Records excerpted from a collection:
********

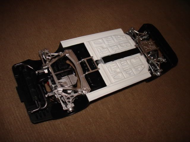 Chassis update. Tamiya chassis with front end and silver & black plate from Fujimi kit. Also brake rotor/calliper from Fujimi.
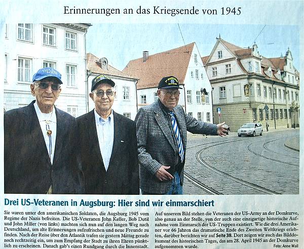 Am 28. April 2011 waren drei Veteranen der 3rd Infantry Division der U.S. Army – jene Einheit, die an der Befreiung der Stadt Augsburg im April 1945 beteiligt war – zu Besuch in Augsburg. Im Rahmen eines Oral-History-Projekts zur Erforschung der Augsburger US-Militärpräsenz hatten drei Mitarbeiter des Lehrstuhls für Transatlantische Kulturgeschichte der Universität Augsburg die Möglichkeit, mit den Veteranen über deren Erfahrungen während ihrer Zeit in Deutschland, Bayern und Augsburg zu sprechen.
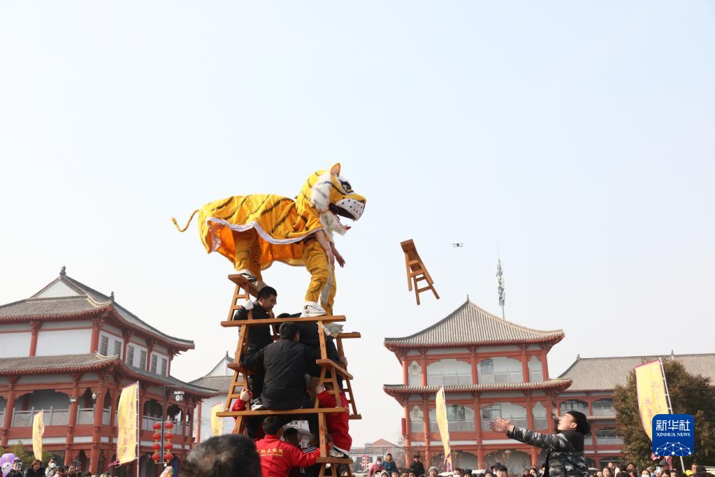當(dāng)日,河南省焦作市溫縣陳家溝村流傳數(shù)百年的傳統(tǒng)民俗節(jié)目“陳家溝舞虎”精彩上演,讓觀眾大飽眼福。
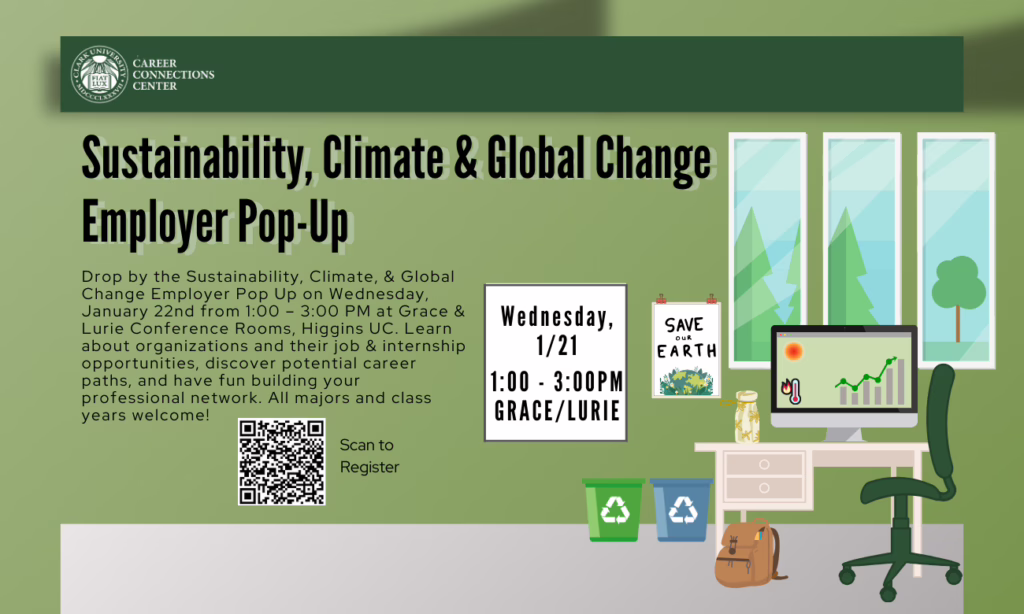 Looking for internships or career opportunities in sustainability, climate, and global change? Drop by the Employer Pop-Up to meet organizations, explore job and internship openings, and discover potential career paths. Expand your professional network while learning about how you can make an impact—all majors and class years are welcome!
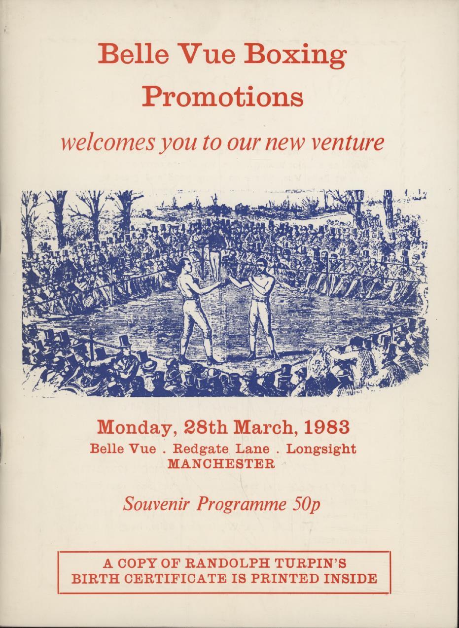 Official programme for the fight at Belle Vue, Manchester, on 28th March 1983. The card also included Jonjo Green v Ian Lazarus.

********

| About this exercise |
Print only the lines from the first line of the data above through the one containing "Looking for internships", exactly as they are, with pictures omitted.

| Expected answer |
 Chassis update. Tamiya chassis with front end and silver & black plate from Fujimi kit. Also brake rotor/calliper from Fujimi.
 Am 28. April 2011 waren drei Veteranen der 3rd Infantry Division der U.S. Army – jene Einheit, die an der Befreiung der Stadt Augsburg im April 1945 beteiligt war – zu Besuch in Augsburg. Im Rahmen eines Oral-History-Projekts zur Erforschung der Augsburger US-Militärpräsenz hatten drei Mitarbeiter des Lehrstuhls für Transatlantische Kulturgeschichte der Universität Augsburg die Möglichkeit, mit den Veteranen über deren Erfahrungen während ihrer Zeit in Deutschland, Bayern und Augsburg zu sprechen.
當(dāng)日,河南省焦作市溫縣陳家溝村流傳數(shù)百年的傳統(tǒng)民俗節(jié)目“陳家溝舞虎”精彩上演,讓觀眾大飽眼福。
 Looking for internships or career opportunities in sustainability, climate, and global change? Drop by the Employer Pop-Up to meet organizations, explore job and internship openings, and discover potential career paths. Expand your professional network while learning about how you can make an impact—all majors and class years are welcome!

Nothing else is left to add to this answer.